Von da an erhöht sich fast nur noch das beachtliche Geräuschniveau, kaum mehr die Geschwindigkeit. Von größeren Reisen muss das nicht abhalten. Wenn es einem nur wichtig genug ist, erreicht man mit der Allradkiste irgendwann jedes Ziel. Dabei verwöhnt sie nicht mit mildem Federungskomfort, da sind schon die hinteren Blattfedern dagegen, zeigt aber ein friedfertiges Fahrverhalten: Deutlich untersteuernd schlenkert die Kiste um Kurven, reagiert auf Lastwechsel mit subtilem Übersteuern. Das lässt sich alles leicht wieder ordnen, obwohl die Lenkung weder mit Präzision noch mit Leichtgängigkeit dienen kann. Aber es reicht aus, wie alles am Panda ausreicht.

Auch die Bremsen: Sie verzögern nicht bissig, aber zuverlässig, wobei es schwer fallen dürfte, an ein solch langsames und leichtes Auto wie die Allradkiste eine zu schwache Bremsanlage zu schrauben. Einzig die froschige Sitzhaltung stört wirklich, vom flachen Lenkrad und den hoch eingebauten, weichen Uno-Sitzen erzwungen.

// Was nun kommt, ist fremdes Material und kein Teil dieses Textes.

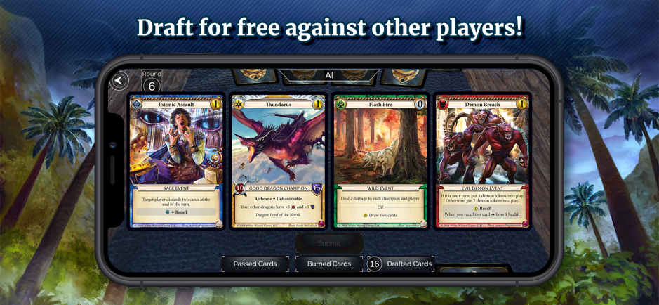 Epic Card Game is a strategy card game, where you summon champions and use events to try and defeat your opponent. There are many ways to play Epic – a different game every time you play! Supported in the app are Sealed, Dark Draft, Preconstructed, and Full Constructed. There is also Campaign mode, where you try to defeat as many opponents as possible, all while building a better and better deck of cards as you progress through the Epic landscape. For more formats, check out the physical game that the app was based on.
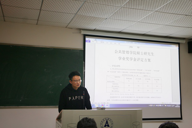 2018年10月17日晚上7点,公共管理学院研究生会学术部在文添楼501教室顺利举办了研究生新老交流会活动。研究生辅导员魏晨雪老师、幸超同学、张阿城同学、王晓芸同学以及田勇同学均在本次活动上做了发言,参与本次活动的还有2018级全体研究生。
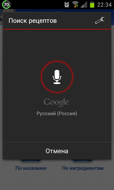 Поиск рецептов по названию интегрирован в глобальный поиск Android вызвать который можно нажав на кнопку «Поиск» вашего телефона. В моем случае это долгое нажатие на кнопку «Меню». Благодаря этому для поиска рецепта нет необходимости запускать программу.
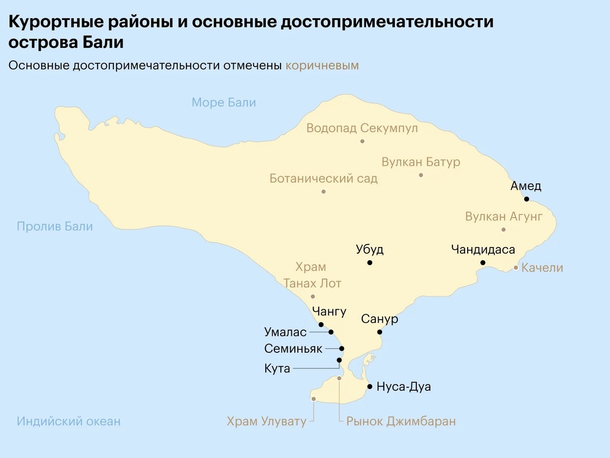 На Бали несколько туристических районов со своими особенностями. При их выборе рекомендую учитывать время года. В сезон дождей полноводные реки выносят мусор, бревна и сточную воду в океан с западной стороны острова, поэтому пляжи Куты, Семиньяка и Чангу становятся грязными. Нуса-Дуа находится на полуострове Букит на юге Бали. Это территория отелей «все включено». Там хорошие песчаные пляжи со спокойной водой, но до интересных мест острова далеко. Сюда едут за пакетным отдыхом, чтобы лежать на пляже и ничего не делать. На мой взгляд, это бессмысленно: дешевле слетать в Турцию или Египет. Район Нуса-Дуа занимает небольшую часть Букита. На других пляжах высокие обрывы и хорошие волны, но не для новичков. Здесь селятся опытные серферы. Кута и Семиньяк — классические азиатские курортные зоны. Вдоль дорог стоят палатки с типичными сувенирами, зазывалы предлагают экскурсии и приглашают в спа-салоны.В лавках завышают цены, а обсчитывать пытаются даже в магазинах. В Куте и Семиньяке кипит ноч
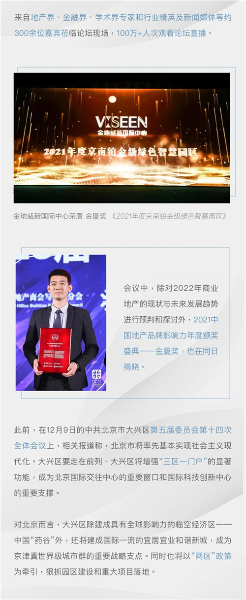 1月6日,中國寫字樓產業園發展論壇第十八屆年會在北京富力萬麗酒店舉行,論壇上除對2022年商業地產的現狀與未來發展趨勢進行預判和探討外,2021中國地產金廈獎也在同日揭曉,金地威新國際中心榮膺金廈獎“2021年度京南鉑金級綠色智慧園區”。

Panda mit geringer Bodenfreiheit

Wie jeder Panda raumwundert die Allradkiste dafür auf 5,2 Quadratmeter Grundfläche: Plane Scheiben und Kistenform machen das Auto extrem rundumsichtig und maximieren den Raum. Er genügt für vier Erwachsene und ein bisschen Gepäck. Oder für zwei und eine kleine Kühlschrankfamilie. Die Allradkiste wird schnell das bevorzugte Transportmittel von Schweizer Berg-Postboten und Tiroler Milchbauern, also mag sie gern mal wieder ins Gelände. Jetzt steht sie am Waldrand, bockt kurz, als die Hinterräder zugeschaltet werden und rappelt aufgeregt. Den vermatschten Weg bergauf bedeckt nasses Laub. Die vier M+S-Reifen härteten über die vielen Jahre, die der 4 x 4 in älterer Damenhand verbrachte, sorgsam aus. Niemand würde der Allradkiste also einen Vorwurf machen, wenn ihr das zu viel wäre. Aber dann demonstriert sie die ganze Macht des Antriebs: Im ersten Gang graben sich die Räder kurz in den Boden, schleudern Matsch gegen die Schmutzlappen. Dann hüpft der 4 x 4 voran, klettert den schmierigen Hügel hinauf. Aber sachte!

Wegen der geringen Bodenfreiheit, nur fünf Zentimeter mehr als beim 2WD, schrappt die Allradkiste oft nur knapp an Aufsetzern vorbei. Ab und zu dreht mal ein Rad durch. Doch ungerührt und mit gewaltiger Traktion wühlt sich die Allradkiste bergauf, erklimmt langsam das Plateau auf dem Bergkamm. Oben fiebert der Motor, also fächelt ihm der Ventilator kurz frische Waldluft zu. Wie stolz das aussieht: der Panda oben auf dem Berg. Gleich wird er ebenso talentiert wieder runtersteigen. Und das ist das Geheimnis des Panda 4 x 4: Er enttäuscht niemals. Denn er erfüllt immer mehr, als man sich von ihm verspricht. Also ab in die Kiste.